Nicotine, on the other hand, has been found in mummies all over the Old World. While you are correct in stating that nicotine can be found in many old world plants, but only at a very low level.

The nicotine levels in the mummies varied a great deal, but the highest were at the lowest level considered proof of smoking in live people (and were found using the same tests). Only tobacco, or some unknown concentrated concoction of one of the other plants would have enough nicotine to cause this.

Beyond this point you get into issues about nicotine levels in hair versus bones and whether nicotine levels in the mummies drop over the centuries. It becomes rather more complicated than I feel like getting into right now.

I wrote an article about this issue for Fortean Times a few years back. The first half or so can be found at:
http://www.forteantimes.com/articles/117_toke.shtml

Bill

I read (watched?) somewhere about an important medicinal plant known in ancient times that was subsequently harvested to extintion. Is it not possible that this and possibly other now extinct plants were overharvested because they contained nicotine or cocaine?
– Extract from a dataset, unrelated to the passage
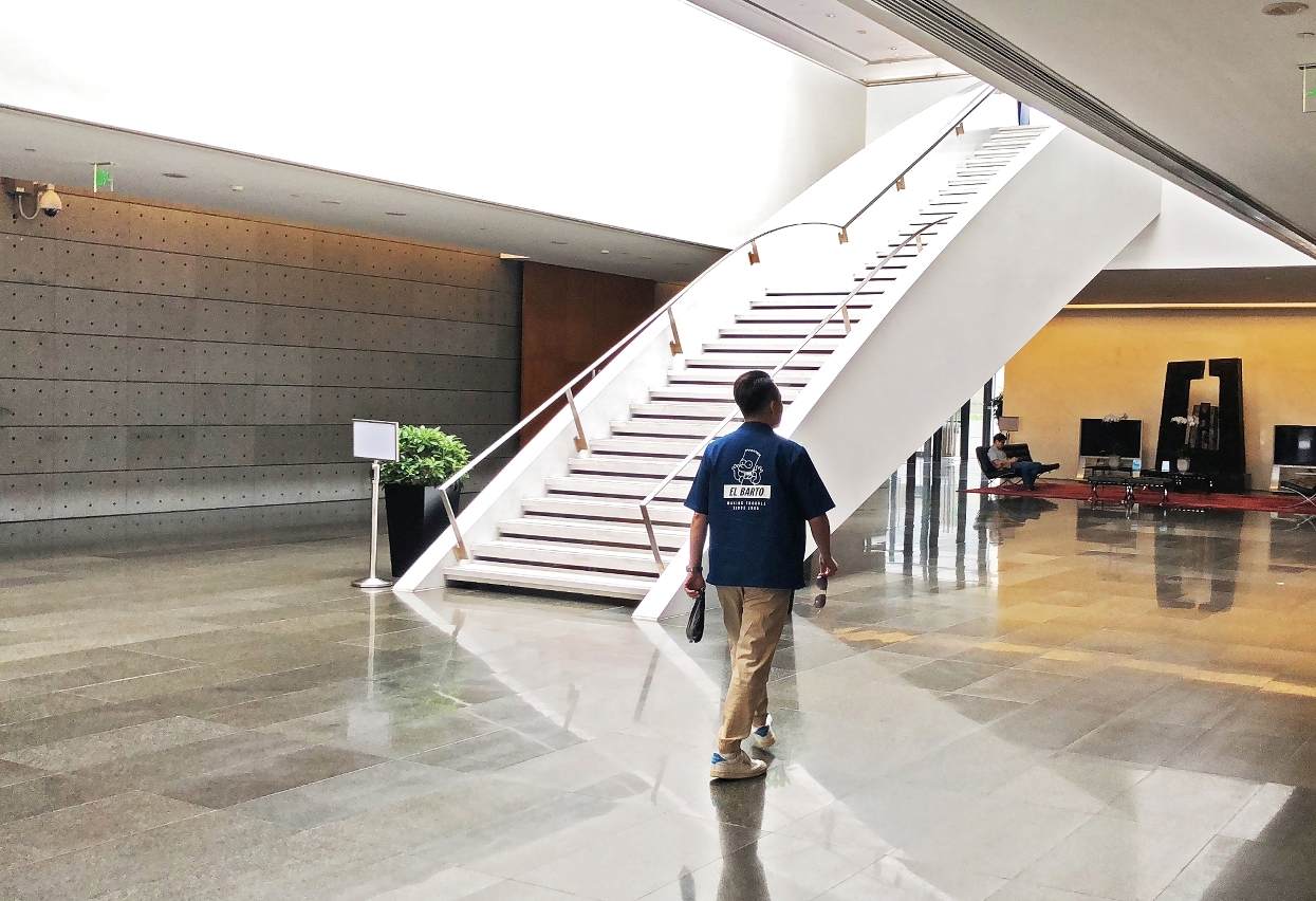 會議大樓的內部同樣採用簡約設計風格,入口大廳由於頂部透光亦形成一個室內「中庭」,陽光隨時間轉移在白牆上,上演光影變奏,形成像水墨般的抽象效果。

Re: extinction of medicinal plants.

Maybe. Perhaps you saw something on “Silphium”,
maybe a giant fennel-like plant. It appeared
on Cyrenean coins and supposidly was over-harvested
for its contraceptive properties. Supposidly the
coins end around 250 B.C.

See “Contraception and Abortion from the Ancient
World to the Renaissance” by historian John Riddle.

The Greeks were in what is now Libya.